Superstore Turned Me Trans

Drag performer and Superstore bar darling Lori Mae reflects on her journey to gender euphoria.

I migrated to London on my 21st birthday. The plan was to celebrate with some friends who had moved here a few months earlier, but when I said goodbye to my mom at the airport, we both knew I wasn’t coming back. Three days later, I called her and said, “Mamma, I’ll stay here and try to get a job. Fabrizio and Laura are going to help me out.”
She started crying and said to me, “I’m gonna sell your Vespa and send you the money.” We’re Italian, if that wasn’t obvious. My mamma was sad to see me go, but she knew it was my best shot at a happy life. There wasn’t a single place in our small seaside town that would want to hire a fat, queer, high-school dropout.

So there I was: just turned 21, living on a mattress in my friend’s attic, £800 in my Italian Post Office reloadable prepaid card. I remember stalking the London drag scene on social media, and wanting so badly to be part of it. On my first weekend, to celebrate my birthday, I went to The Black Cap in Camden Town. That was the first time I saw live queer cabaret, and I instantly knew that’s what I was gonna do with my life. That same night, while getting on my second night bus home,  I got ran over by a cab. I guess you could say I got the full London experience.

One weekend of partying in London was all it took to spend everything my Vespa was worth. I had to find a job and I had to find it quick, so I lied about being a makeup artist, and hid the fact that I was limping from the car accident I had 3 days prior. I got a job in the shopping centre and I thought it was the coolest thing. They even made me wear a t-shirt that read “Makeup Expert” and, to be honest, I was an expert at making shit up.

That first month of work, waiting to get paid, was really tough: I had no money left and nothing to fall back on. It might’ve been my young metabolism, or maybe my diet consisting almost entirely of Boots meal deals, or the fact that I had never worked full time before, but in that first month I lost six stone and became the skinniest I’ve ever been. I only realised when I first went back to visit my hometown later that summer, ’cause no one would not stop talking about how fat I was before.

My first ever payday comes along and I finally have enough money to rent my own room, and buy another loaf of bread. I moved into a houseshare with ten people and two bathrooms. My bedroom was the width of my wingspan and had half a radiator and half a window (the landlord had split one room in two with a paper-thin wall in the middle), but it was all mine. One random day I arrive to work, and there was a man I’d never met before. He was one of those Head Office twats, and he was there to give me a “performance review”, apparently. After speaking to me for a handful of minutes, he decided I wasn’t “suitable” for the job I had been doing for 6 months, I’ll let you guess why.

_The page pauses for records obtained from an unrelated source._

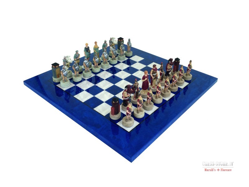 GRECI CONTRO ROMANI: Scacchi in Resina Pitturata a mano + Scacchiera in Radica di Erable, intarsiata
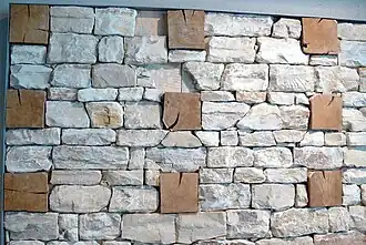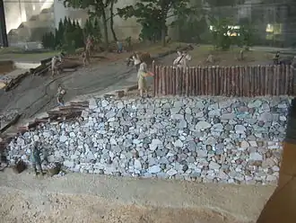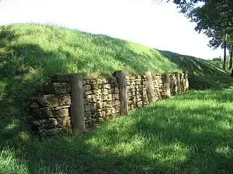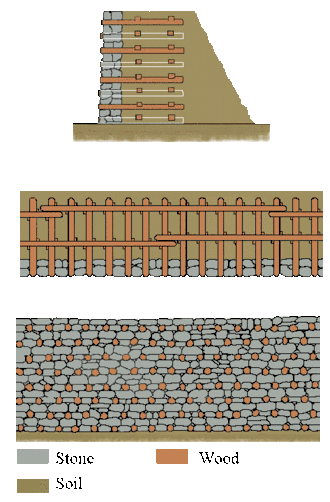 Wg wyników badań archeologicznych była to konstrukcja zbudowana z drewnianych belek złączonych wielkimi żelaznymi gwoździami i wypełniona kamieniami i żwirem. Końce belek były na sucho zamocowane do zewnętrznej i wewnętrznej ściany. Czoło było obłożone kamieniami, a do wewnętrznej strony przylegał ziemny (gliniany) nasyp.
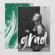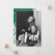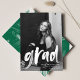 Modern graduation thank you card featuring the graduate's photo with "grad" in a white brush script overlay. Personalize the front of the graduation thank you card by adding the graduate's name, school, name, and graduation year. The back of the card features space for your typed or handwritten message with a background of painted green brushstrokes.
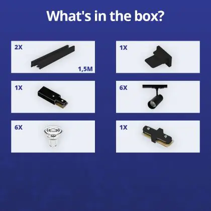 | Herstellername | Complete Straight 3-meter 1-Phase Track Set Black incl. 6x Spot fixture + GU10 2700K 3W Dim – 2x 1.5 | |

I found myself unemployed and desperate for money, so I started looking for cash-in-hand jobs. I got a message from this man on Grindr who was looking to hire staff for the gay bar he owned (RED FLAG). I counted myself lucky and started working that same weekend. £6 an hour, in an envelope every week, no contract. He didn’t even know my last name. In fact, he didn’t even care what my first name was, he just called me tr*nny and I let him. Nowadays, only I can call myself that. The job was terrible, the owner enjoyed abusing and humiliating the staff and forced us to scrub the whole place clean for hours, while he watched. The clientele was mostly older gay men, and to them I was a skinny young twink with colourful hair who would’ve done anything for a tip.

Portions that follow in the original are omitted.